Parodia del hombre atrapado entre la modernidad y el provincialismo, Tartarín -al igual que el Quijote- ya sólo puede vivir sus aventuras épicas en el terreno de la conversación. Podríamos decir que es un extraño pariente de madame Bovary con la diferencia de que en esta última las fantasías se materializan de forma aterradora e íntima. En cambio, las ficciones de Tartarín no lo aíslan de sus semejantes, al contrario, lo vuelven sumamente popular en su pueblo. Tartarín es -de nuevo como el Quijote- vehículo de transmisión de una épica del espíritu, que la misma vida tranquila y aburrida del burgués de provincias contradice, pero que debe existir como leitmotiv.

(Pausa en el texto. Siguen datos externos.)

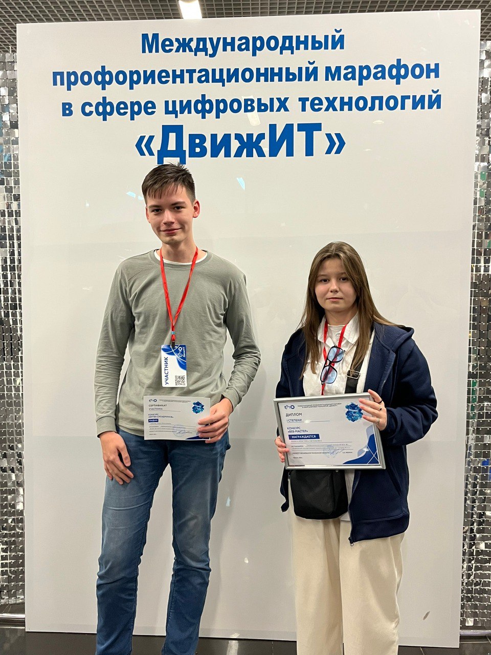 Наши студенты не просто смотрели — они побеждали! Поздравляем Кристину Яшину (группа ИСП-942), занявшую 1 место в конкурсе «Веб-мастер», и Никиту Громова (группа САД-934) с успешным выступлением в «Битве сисадминов»!

En Tartarín de Tarascón, Alphonse Daudet se burla afectuosamente de las manías de ese lector apasionado que cree (todos lo hemos creído alguna vez) poder convertirse en lo que lee: cuando Tartarín se transforma en turco, gracias a sus lecturas se vuelve más turco que los propios turcos (al igual que otros fueron más marxistas que Marx o más librecambistas que la Thatcher).
Quizá para nosotros, seres del fin del milenio situados en el umbral de la realidad virtual, sea ahora un lugar común el hecho de que la literatura y el arte en general nos proporcionen la posibilidad de entender y vivir otras experiencias humanas; pero El Quijote, Jack el fatalista, de Diderot, y Tartarín de Tarascón ya lo sabían perfectamente y nos lo mostraron con una sonrisa.
Carlos García-Tort
EPISODIO PRIMERO.
EN TARASCÓN
I. EL JARDIN DEL BAOBAB
Mi primera visita a Tartarín de Tarascón es una fecha inolvidable de mi vida; doce o quince años han transcurrido desde entonces, pero lo recuerdo como si fuese de ayer. Vivía por entonces el intrépido Tartarín a la entrada de la ciudad, en la tercera casa, a mano izquierda, de la carretera de Aviñón. Lindo hotelito tarasconés, con jardín delante, galería atrás, tapias blanquísimas, persianas verdes y, frente a la puerta, un enjambre de chicuelos saboyanos, que jugaban al tres en raya o dormían al sol, apoyada la cabeza en sus cajas de betuneros.